* [Instructions for the task] When you reach the line containing "Brentuximab vedotin 由抗", begin reproducing the lines exactly and continue through the end of the listing, leaving out the pictures.

* [The records]
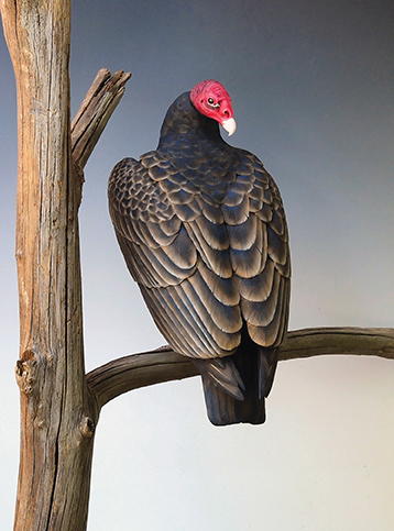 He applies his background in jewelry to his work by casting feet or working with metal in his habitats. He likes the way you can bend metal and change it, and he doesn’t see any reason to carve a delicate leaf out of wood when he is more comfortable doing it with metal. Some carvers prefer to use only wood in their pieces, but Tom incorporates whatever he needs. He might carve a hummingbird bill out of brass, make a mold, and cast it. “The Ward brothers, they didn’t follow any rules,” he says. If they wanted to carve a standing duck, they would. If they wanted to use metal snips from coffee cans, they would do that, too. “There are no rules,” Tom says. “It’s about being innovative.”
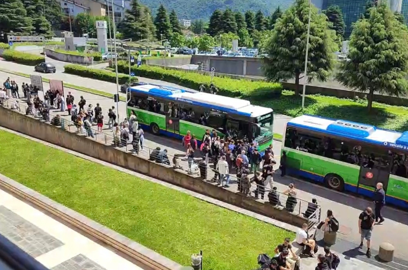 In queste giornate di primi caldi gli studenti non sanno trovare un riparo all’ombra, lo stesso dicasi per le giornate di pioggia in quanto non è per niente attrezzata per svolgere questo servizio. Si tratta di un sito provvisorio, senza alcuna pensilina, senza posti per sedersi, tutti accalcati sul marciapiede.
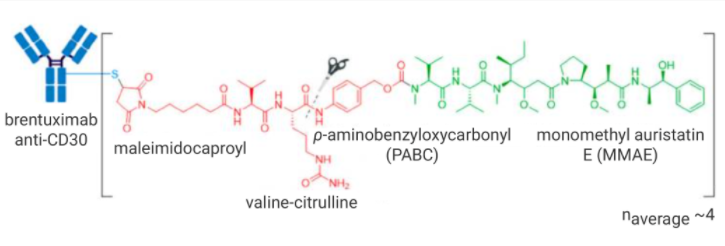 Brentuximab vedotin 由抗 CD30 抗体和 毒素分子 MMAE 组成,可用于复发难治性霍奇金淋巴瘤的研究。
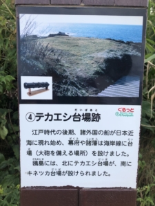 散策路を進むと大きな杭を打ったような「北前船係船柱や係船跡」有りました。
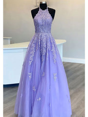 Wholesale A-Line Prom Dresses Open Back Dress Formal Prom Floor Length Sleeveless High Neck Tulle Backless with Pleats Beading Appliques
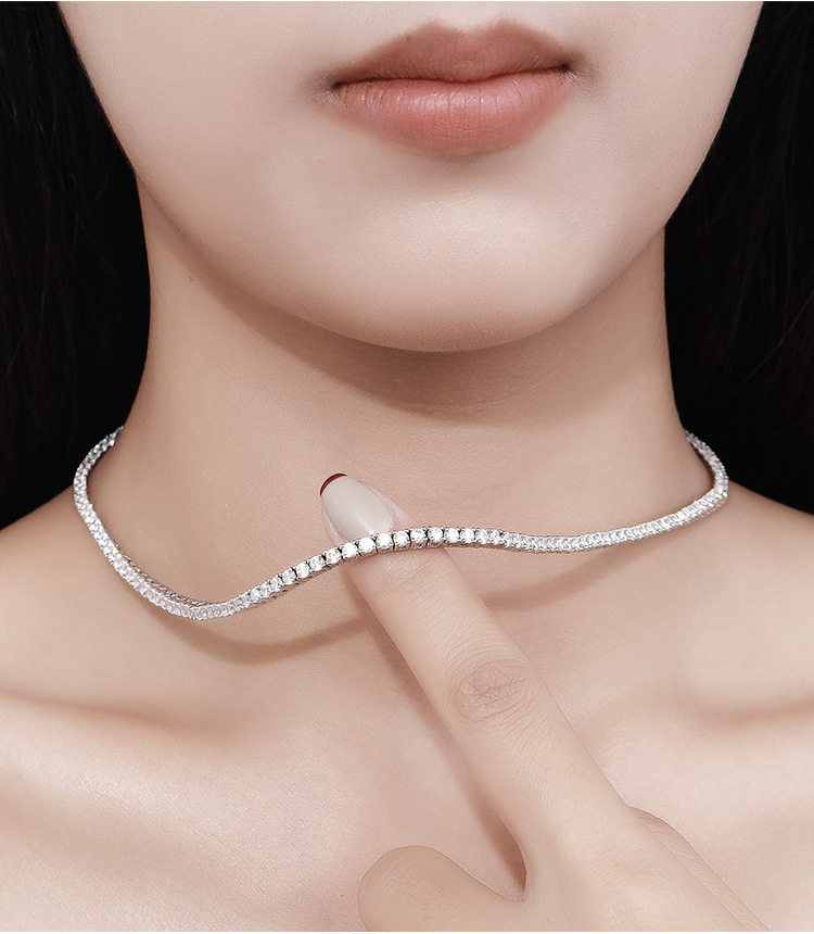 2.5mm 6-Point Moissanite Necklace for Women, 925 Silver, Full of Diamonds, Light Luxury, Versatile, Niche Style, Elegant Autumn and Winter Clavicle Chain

* [Written solution]
 Brentuximab vedotin 由抗 CD30 抗体和 毒素分子 MMAE 组成,可用于复发难治性霍奇金淋巴瘤的研究。
 散策路を進むと大きな杭を打ったような「北前船係船柱や係船跡」有りました。
 Wholesale A-Line Prom Dresses Open Back Dress Formal Prom Floor Length Sleeveless High Neck Tulle Backless with Pleats Beading Appliques
 2.5mm 6-Point Moissanite Necklace for Women, 925 Silver, Full of Diamonds, Light Luxury, Versatile, Niche Style, Elegant Autumn and Winter Clavicle Chain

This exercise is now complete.